TASK BRIEF: The required answer is the data below, restated word for word with images omitted.

SUPPLIED MATERIAL:
__________________________________________________

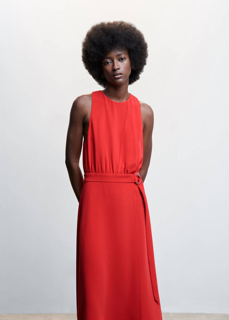 Teixit fluid. Disseny midi. Disseny evasé. Coll rodó. Sense mànigues. Tanca de cremallera invisible a la part posterior. Cinturó ajustable. Folre interior. Col·lecció festa i cerimònia
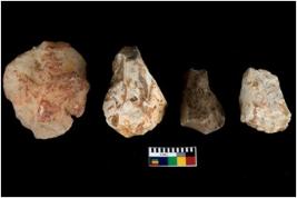 | Description / विवरण | There are n 4 of utilized worked cores. They show multidirectional irregular dominant scar pattern. Two have broken tip. |
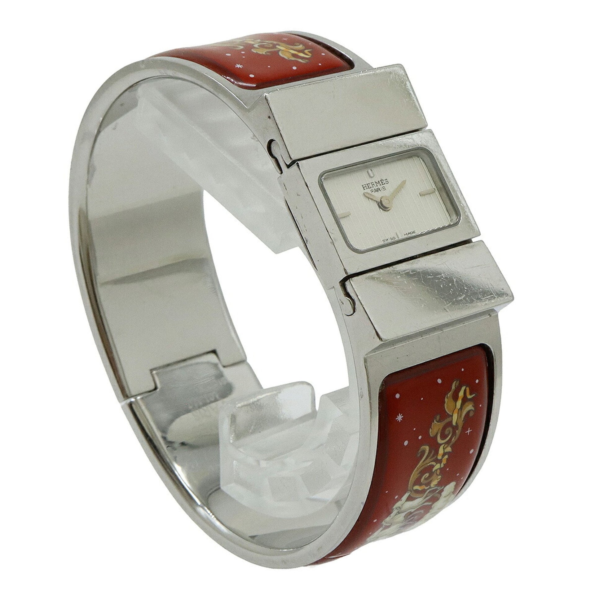 HERMES Locé Silver Dial Bangle GP Enamel Women\'s Quartz Watch LO1.210

__________________________________________________

SOLUTION:
 Teixit fluid. Disseny midi. Disseny evasé. Coll rodó. Sense mànigues. Tanca de cremallera invisible a la part posterior. Cinturó ajustable. Folre interior. Col·lecció festa i cerimònia
 | Description / विवरण | There are n 4 of utilized worked cores. They show multidirectional irregular dominant scar pattern. Two have broken tip. |
 HERMES Locé Silver Dial Bangle GP Enamel Women\'s Quartz Watch LO1.210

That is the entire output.